━━ Record excerpts ━━

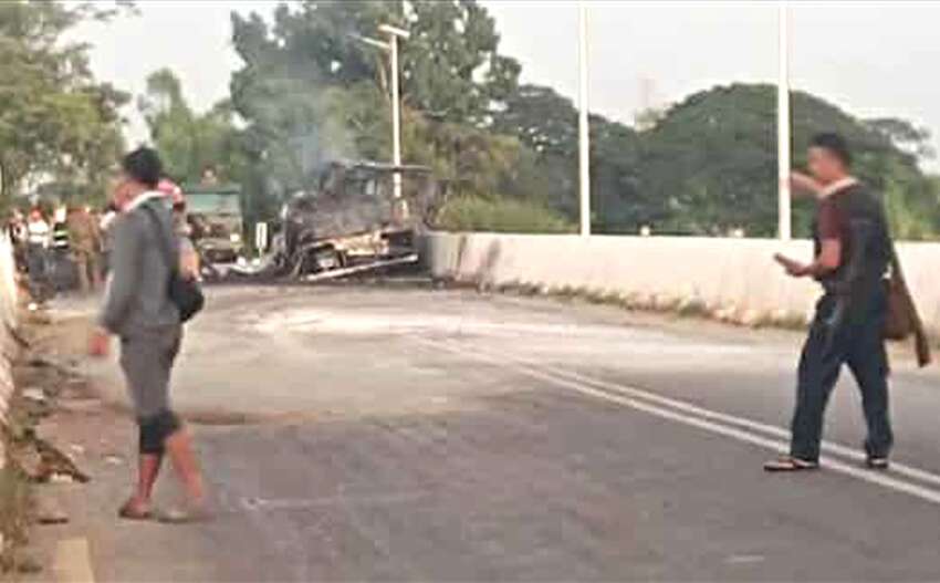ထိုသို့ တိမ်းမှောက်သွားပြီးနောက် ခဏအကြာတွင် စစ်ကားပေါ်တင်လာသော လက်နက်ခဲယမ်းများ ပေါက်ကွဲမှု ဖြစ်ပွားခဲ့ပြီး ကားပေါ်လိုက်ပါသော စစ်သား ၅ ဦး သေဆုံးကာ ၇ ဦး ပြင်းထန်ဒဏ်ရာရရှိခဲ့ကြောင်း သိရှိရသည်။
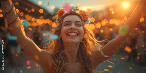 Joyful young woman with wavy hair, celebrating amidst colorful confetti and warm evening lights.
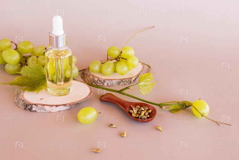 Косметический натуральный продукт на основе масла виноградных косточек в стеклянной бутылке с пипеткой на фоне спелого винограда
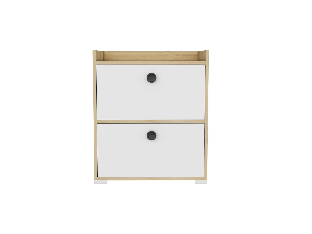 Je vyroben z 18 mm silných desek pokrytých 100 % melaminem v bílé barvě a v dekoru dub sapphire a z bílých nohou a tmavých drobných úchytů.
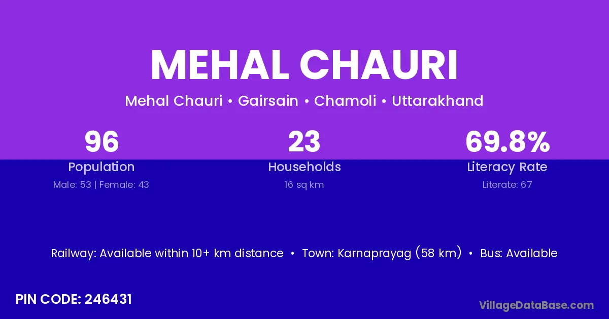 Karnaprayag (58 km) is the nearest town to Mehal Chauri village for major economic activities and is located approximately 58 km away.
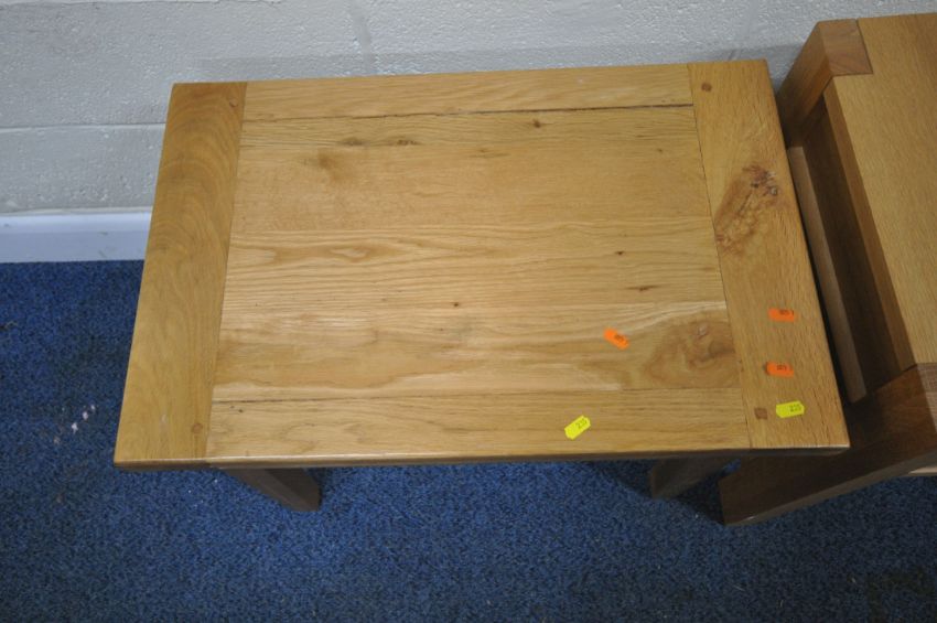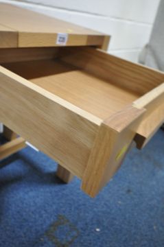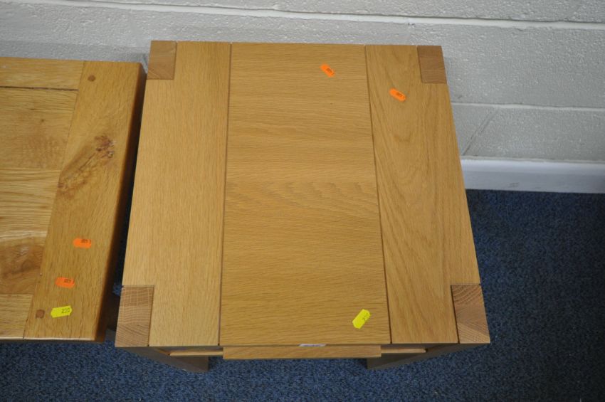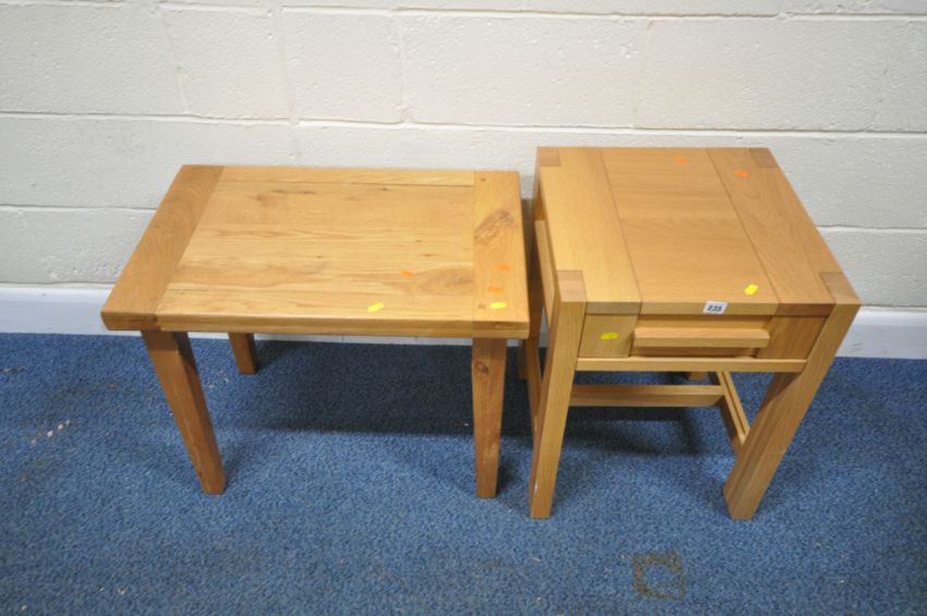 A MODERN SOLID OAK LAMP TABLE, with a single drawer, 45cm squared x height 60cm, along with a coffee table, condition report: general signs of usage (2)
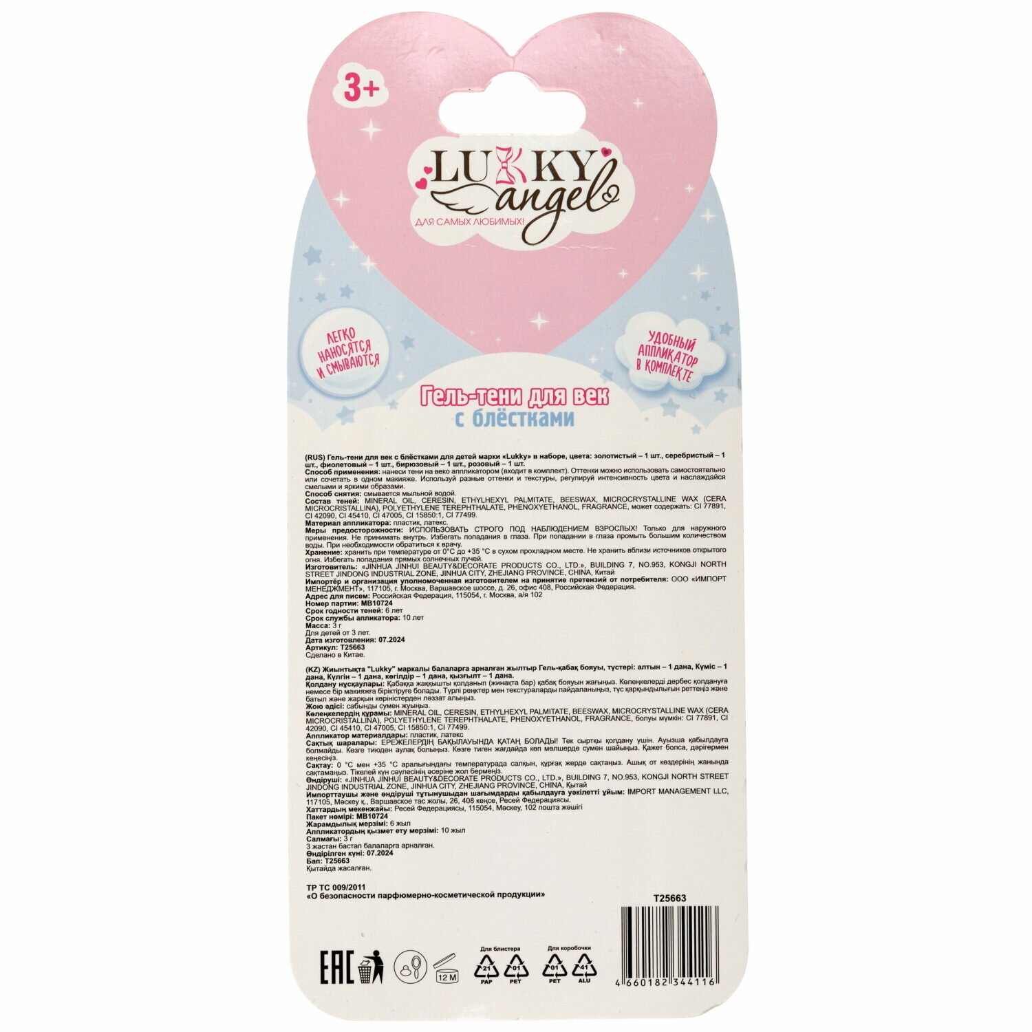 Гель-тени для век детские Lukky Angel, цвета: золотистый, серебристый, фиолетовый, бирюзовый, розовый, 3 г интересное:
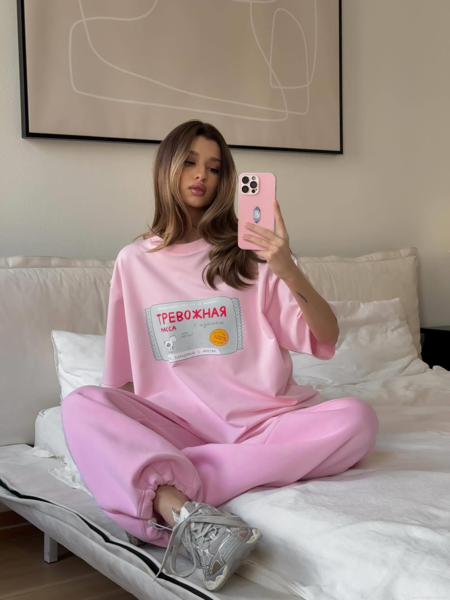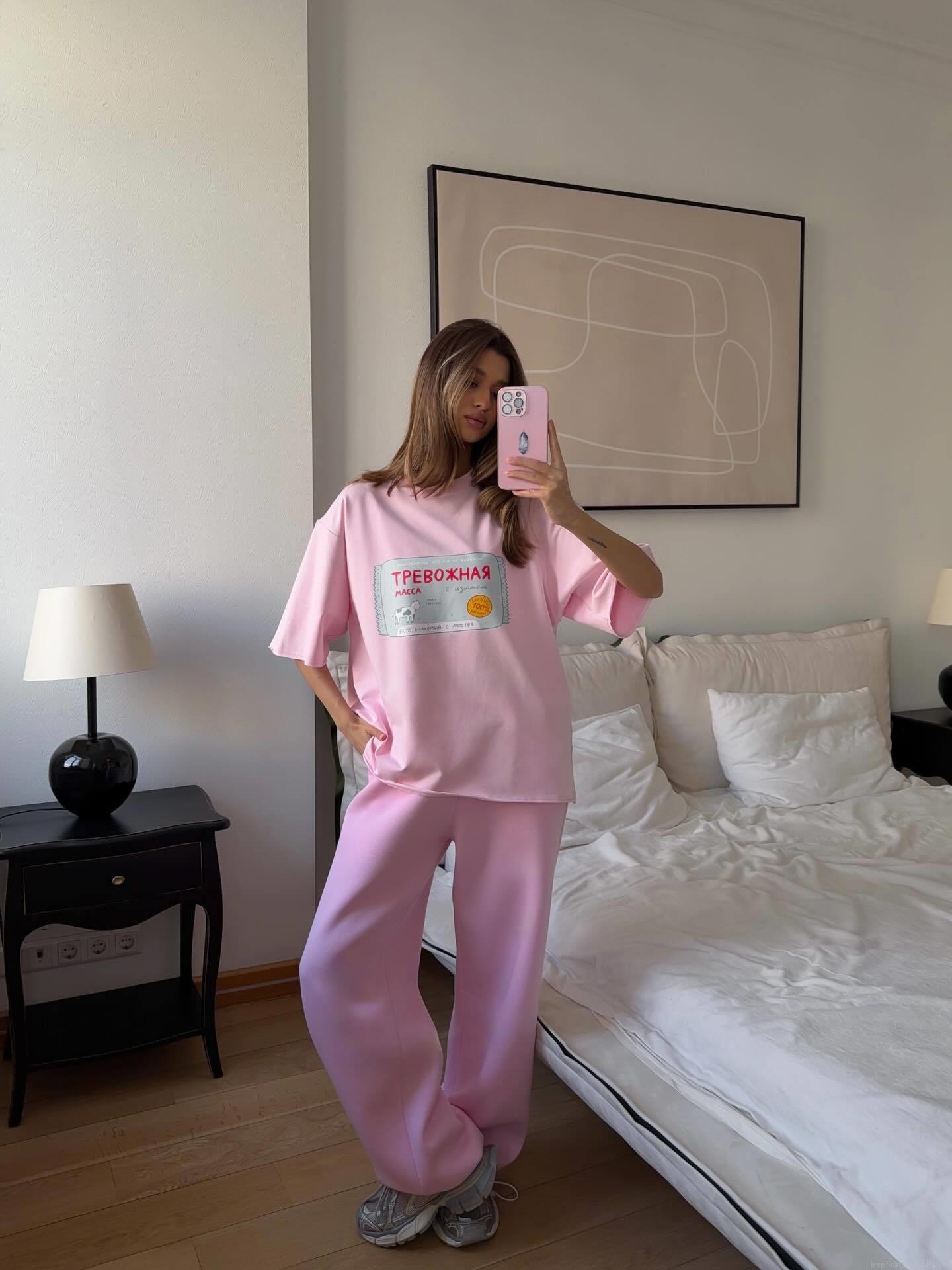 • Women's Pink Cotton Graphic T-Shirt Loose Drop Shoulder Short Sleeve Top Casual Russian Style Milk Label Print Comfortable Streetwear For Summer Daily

━━━

**Task requirements:**
Every line above should be printed again word for word, without its pictures.

**Answer box:**
ထိုသို့ တိမ်းမှောက်သွားပြီးနောက် ခဏအကြာတွင် စစ်ကားပေါ်တင်လာသော လက်နက်ခဲယမ်းများ ပေါက်ကွဲမှု ဖြစ်ပွားခဲ့ပြီး ကားပေါ်လိုက်ပါသော စစ်သား ၅ ဦး သေဆုံးကာ ၇ ဦး ပြင်းထန်ဒဏ်ရာရရှိခဲ့ကြောင်း သိရှိရသည်။
 Joyful young woman with wavy hair, celebrating amidst colorful confetti and warm evening lights.
 Косметический натуральный продукт на основе масла виноградных косточек в стеклянной бутылке с пипеткой на фоне спелого винограда
 Je vyroben z 18 mm silných desek pokrytých 100 % melaminem v bílé barvě a v dekoru dub sapphire a z bílých nohou a tmavých drobných úchytů.
 Karnaprayag (58 km) is the nearest town to Mehal Chauri village for major economic activities and is located approximately 58 km away.
 A MODERN SOLID OAK LAMP TABLE, with a single drawer, 45cm squared x height 60cm, along with a coffee table, condition report: general signs of usage (2)
 Гель-тени для век детские Lukky Angel, цвета: золотистый, серебристый, фиолетовый, бирюзовый, розовый, 3 г интересное:
 • Women's Pink Cotton Graphic T-Shirt Loose Drop Shoulder Short Sleeve Top Casual Russian Style Milk Label Print Comfortable Streetwear For Summer Daily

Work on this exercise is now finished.